TO DO:
Could you copy exactly the lines below from the one with "Leírás: 16 lapos" to the one with "כמו שאתם יודעים, ביום", inclusive, leaving out any pictures?

TASK DATA:
* * * * * * *
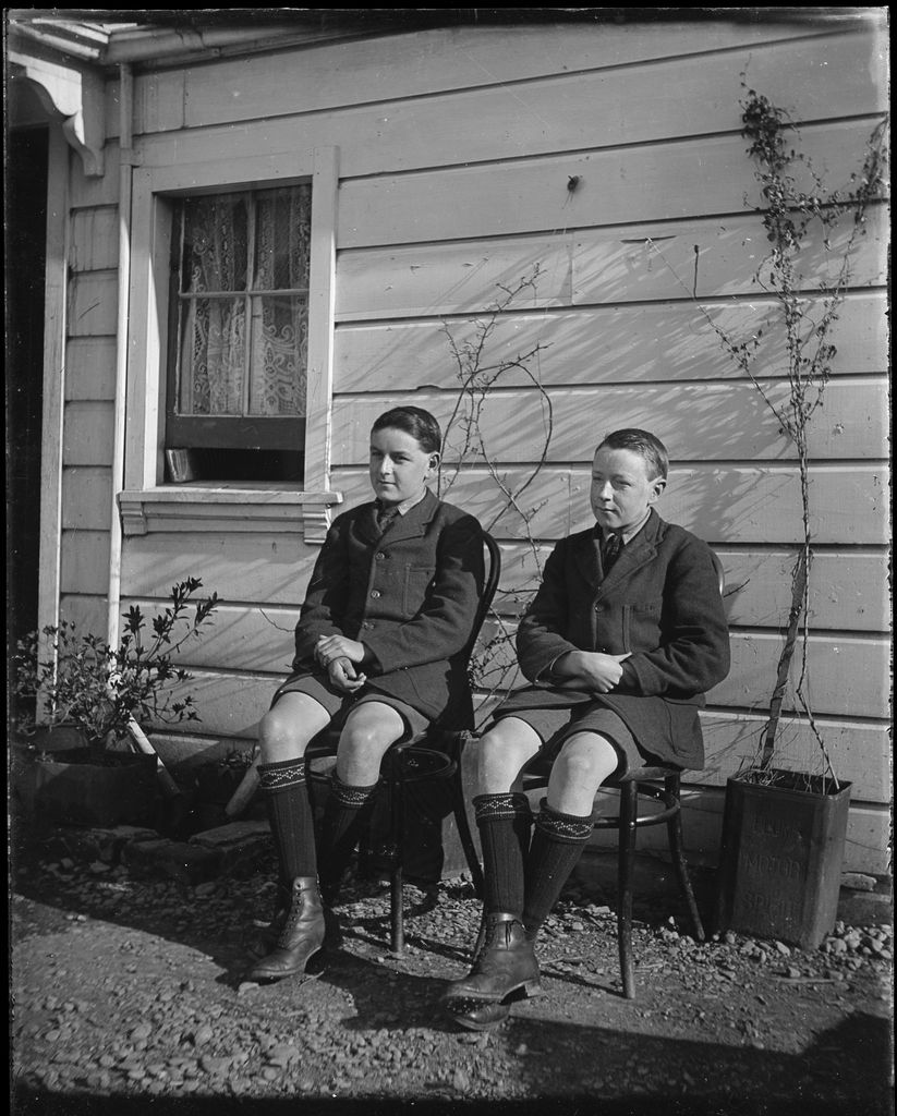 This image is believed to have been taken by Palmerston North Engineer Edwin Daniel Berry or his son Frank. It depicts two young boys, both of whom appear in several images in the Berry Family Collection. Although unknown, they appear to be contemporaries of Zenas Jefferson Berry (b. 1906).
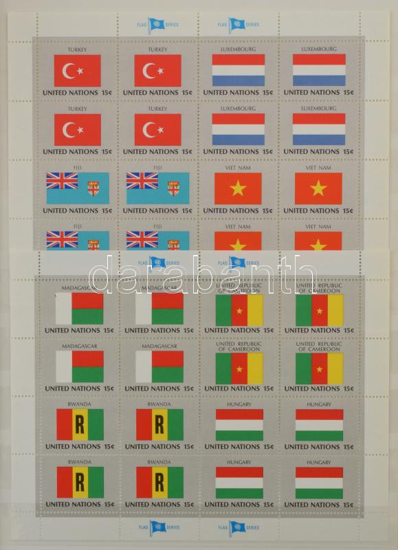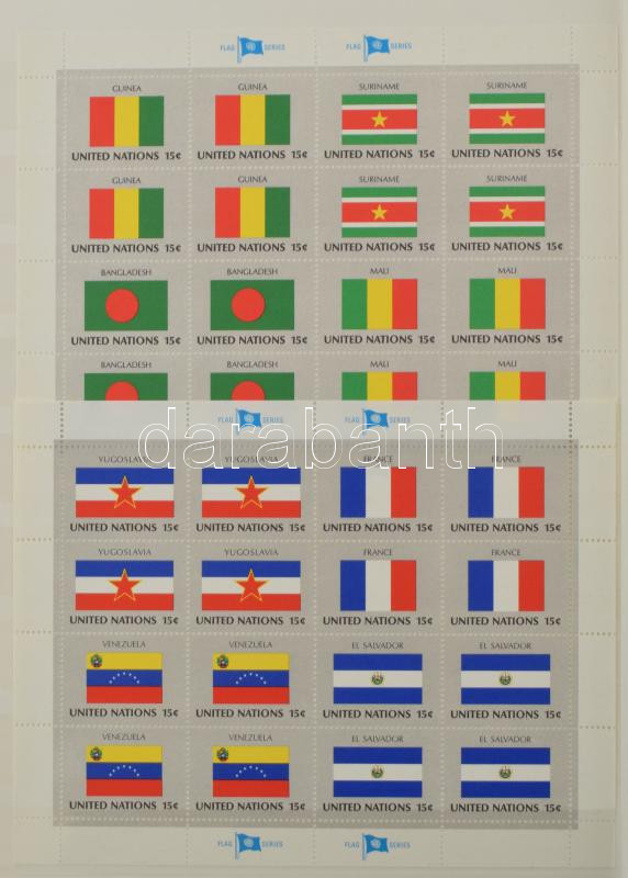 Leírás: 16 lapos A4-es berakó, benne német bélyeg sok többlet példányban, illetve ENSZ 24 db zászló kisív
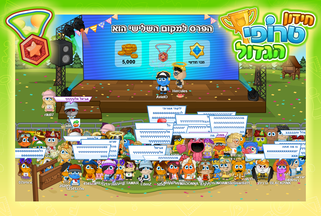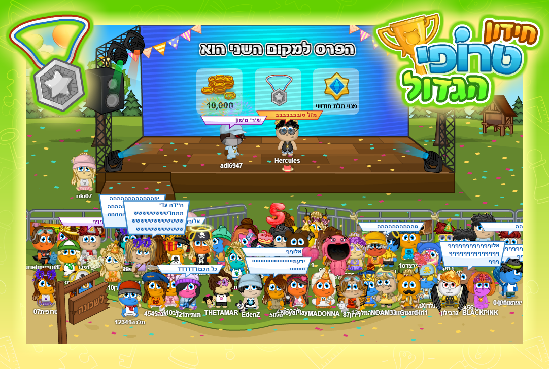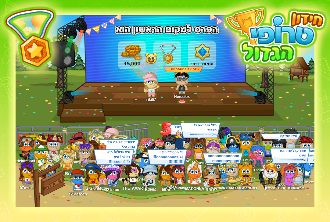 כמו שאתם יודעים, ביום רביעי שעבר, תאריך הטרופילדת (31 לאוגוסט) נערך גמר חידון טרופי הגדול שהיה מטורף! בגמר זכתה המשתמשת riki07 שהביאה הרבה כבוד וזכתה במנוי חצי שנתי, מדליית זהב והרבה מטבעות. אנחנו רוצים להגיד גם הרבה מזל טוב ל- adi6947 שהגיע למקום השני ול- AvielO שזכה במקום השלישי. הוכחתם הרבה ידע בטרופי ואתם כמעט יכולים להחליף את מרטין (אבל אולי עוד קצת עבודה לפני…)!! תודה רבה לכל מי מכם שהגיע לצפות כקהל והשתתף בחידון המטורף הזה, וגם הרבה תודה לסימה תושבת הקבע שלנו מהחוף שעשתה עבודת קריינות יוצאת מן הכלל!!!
* * * * * * *
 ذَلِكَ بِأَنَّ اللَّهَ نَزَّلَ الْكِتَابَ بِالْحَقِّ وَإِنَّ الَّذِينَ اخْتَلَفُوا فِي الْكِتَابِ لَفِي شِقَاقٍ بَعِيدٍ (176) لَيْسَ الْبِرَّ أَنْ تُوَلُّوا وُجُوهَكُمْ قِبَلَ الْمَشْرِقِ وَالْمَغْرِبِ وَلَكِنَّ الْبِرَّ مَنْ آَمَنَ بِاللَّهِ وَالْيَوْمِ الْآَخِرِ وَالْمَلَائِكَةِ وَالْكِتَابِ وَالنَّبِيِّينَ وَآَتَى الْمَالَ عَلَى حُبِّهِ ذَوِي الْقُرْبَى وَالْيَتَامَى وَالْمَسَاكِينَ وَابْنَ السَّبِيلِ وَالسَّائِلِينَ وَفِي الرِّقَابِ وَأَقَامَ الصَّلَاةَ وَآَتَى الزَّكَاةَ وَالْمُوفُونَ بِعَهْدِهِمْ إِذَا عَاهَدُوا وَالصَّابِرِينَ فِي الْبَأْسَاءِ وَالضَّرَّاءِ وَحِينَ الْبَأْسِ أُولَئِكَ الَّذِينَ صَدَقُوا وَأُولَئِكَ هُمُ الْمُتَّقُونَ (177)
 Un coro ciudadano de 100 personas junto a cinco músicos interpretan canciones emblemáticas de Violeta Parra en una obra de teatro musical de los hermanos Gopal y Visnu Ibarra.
* * * * * * *
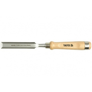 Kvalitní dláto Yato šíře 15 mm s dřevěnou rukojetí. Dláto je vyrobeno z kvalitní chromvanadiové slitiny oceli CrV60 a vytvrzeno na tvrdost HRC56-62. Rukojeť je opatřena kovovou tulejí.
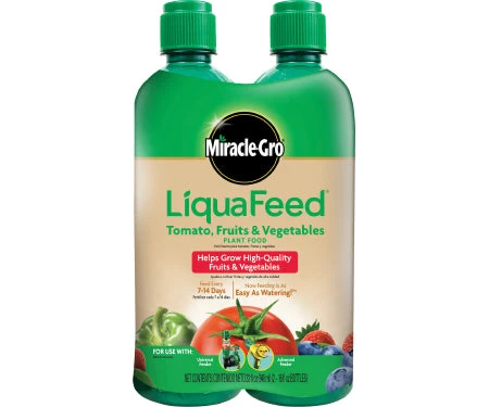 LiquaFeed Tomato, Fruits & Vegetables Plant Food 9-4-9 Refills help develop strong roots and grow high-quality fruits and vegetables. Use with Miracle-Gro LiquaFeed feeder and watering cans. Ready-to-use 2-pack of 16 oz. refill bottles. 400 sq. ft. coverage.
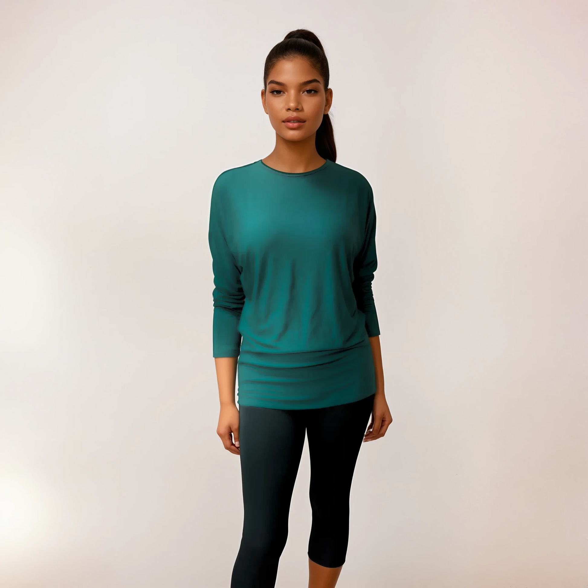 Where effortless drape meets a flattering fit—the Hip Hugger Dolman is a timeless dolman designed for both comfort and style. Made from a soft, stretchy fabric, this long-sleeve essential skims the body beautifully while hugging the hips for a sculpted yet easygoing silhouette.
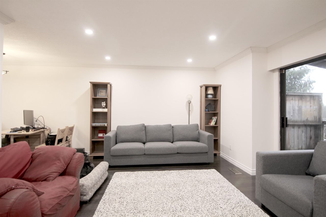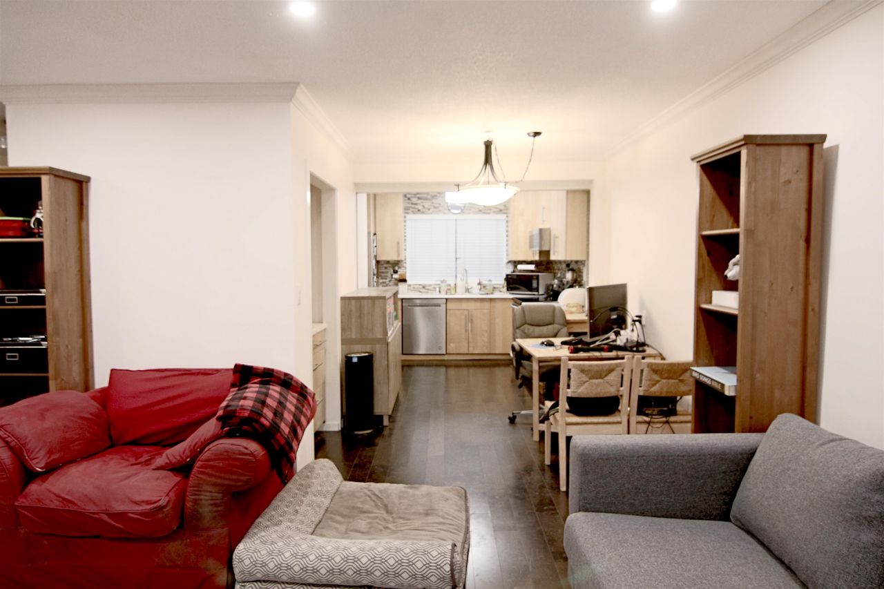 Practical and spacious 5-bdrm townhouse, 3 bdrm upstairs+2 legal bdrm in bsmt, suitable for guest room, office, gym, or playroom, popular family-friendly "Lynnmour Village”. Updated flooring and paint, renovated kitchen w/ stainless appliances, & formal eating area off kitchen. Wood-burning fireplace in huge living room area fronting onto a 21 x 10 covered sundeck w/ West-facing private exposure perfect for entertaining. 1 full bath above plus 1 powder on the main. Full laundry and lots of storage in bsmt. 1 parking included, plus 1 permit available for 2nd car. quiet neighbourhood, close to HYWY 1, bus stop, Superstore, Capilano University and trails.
* * * * * * *
SOLUTION TO THE EXERCISE:
 Leírás: 16 lapos A4-es berakó, benne német bélyeg sok többlet példányban, illetve ENSZ 24 db zászló kisív
 כמו שאתם יודעים, ביום רביעי שעבר, תאריך הטרופילדת (31 לאוגוסט) נערך גמר חידון טרופי הגדול שהיה מטורף! בגמר זכתה המשתמשת riki07 שהביאה הרבה כבוד וזכתה במנוי חצי שנתי, מדליית זהב והרבה מטבעות. אנחנו רוצים להגיד גם הרבה מזל טוב ל- adi6947 שהגיע למקום השני ול- AvielO שזכה במקום השלישי. הוכחתם הרבה ידע בטרופי ואתם כמעט יכולים להחליף את מרטין (אבל אולי עוד קצת עבודה לפני…)!! תודה רבה לכל מי מכם שהגיע לצפות כקהל והשתתף בחידון המטורף הזה, וגם הרבה תודה לסימה תושבת הקבע שלנו מהחוף שעשתה עבודת קריינות יוצאת מן הכלל!!!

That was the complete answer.